Belfast Telegraph

Universities must remain part of EU research programmes, business leaders warn

Universities must remain part of European Union research programmes after Brexit to keep them at the top of international league tables, business leaders will warn.

EU projects account for around a sixth of research funding in the UK and replacing it "would be a real challenge", according to the CBI.

It is calling on ministers to secure permanent associated country status for Britain as well as an increase in research funding from government.

Overseas staff should be allowed to stay and foreign students applying for courses in the run-up to Brexit given permission to complete their courses whatever the outcome of the negotiations between the UK and Brussels, CBI d irector-general Carolyn Fairbairn will tell the Universities UK annual conference.

She will say: "Today EU schemes makes up a sixth of our total research funding.

"Replacing that would be a real challenge. But this isn't just about money, it is about international leadership and giving the UK a voice in setting standards.

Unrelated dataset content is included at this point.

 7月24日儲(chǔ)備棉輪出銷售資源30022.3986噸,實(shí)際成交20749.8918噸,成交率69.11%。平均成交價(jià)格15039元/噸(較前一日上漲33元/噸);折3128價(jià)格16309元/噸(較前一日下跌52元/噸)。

"Domestic research spending is not yet high enough," she will add.

"We are significantly behind China and Japan on levels of spending and we don't yet do well enough on commercialisation.

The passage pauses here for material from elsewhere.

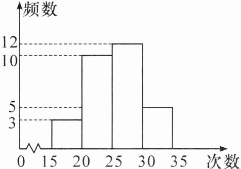 4. 国家近年来出台了一系列加强中学生体育锻炼的措施. 某校在七年级举办了趣味体育活动,其中一项活动是比较参赛选手1分钟内将乒乓球用球拍颠到指定高度的次数. 小明负责记录,并将结果绘制成如图所示的频数直方图,则颠球次数在15~20的人数占总参赛人数的百分比是(
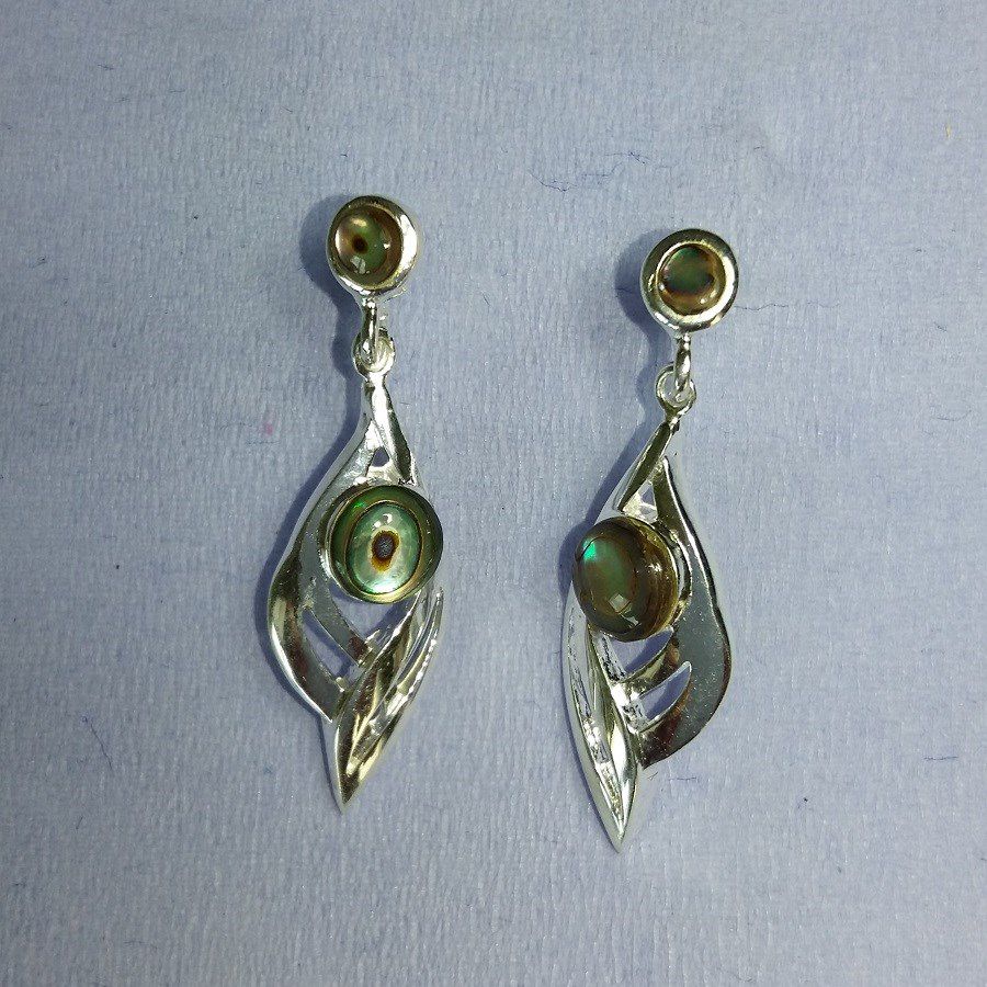 Brinco prata modelo folha vazada com círculo abalone.Medidas: 2,8 cm de comprimento e 1 cm de largura.(Obs: Todas as medidas são aproximadas e baseadas nas extremidades maiores dos produtos).

"That's a huge shared challenge for universities and businesses.

"That's why the CBI wants to see spending on research and development raised to 3% of GDP, as a shared goal for the public and private sector."

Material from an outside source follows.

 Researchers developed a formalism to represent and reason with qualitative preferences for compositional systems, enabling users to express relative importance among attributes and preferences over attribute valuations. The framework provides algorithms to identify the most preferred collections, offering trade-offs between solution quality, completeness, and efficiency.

Labour has pledged to abolish tuition fees, which now stand at up to £9,250 a year for universities in England, and Nick Timothy, a former top adviser to Prime Minister Theresa May branded the system a " unsustainable and ultimately pointless Ponzi scheme".

But Ms Fairbairn will say fees should continue.

"Re-introducing the direct grant would cost £11 billion per year, money spent on those who, on average, will end up as the best off in our society," she will say.

"But if we choose, as I think we should, to maintain the fee system in England, we do have to ask why there has been rising concern about the system.

"Many potential changes have been put on the table in recent weeks, with a variety of price tags.

"But with public finances tight, government should reflect on the relative strengths of the tuition fees system in England in boosting participation by students from disadvantaged backgrounds, and judge carefully where any future investment could make the greatest difference."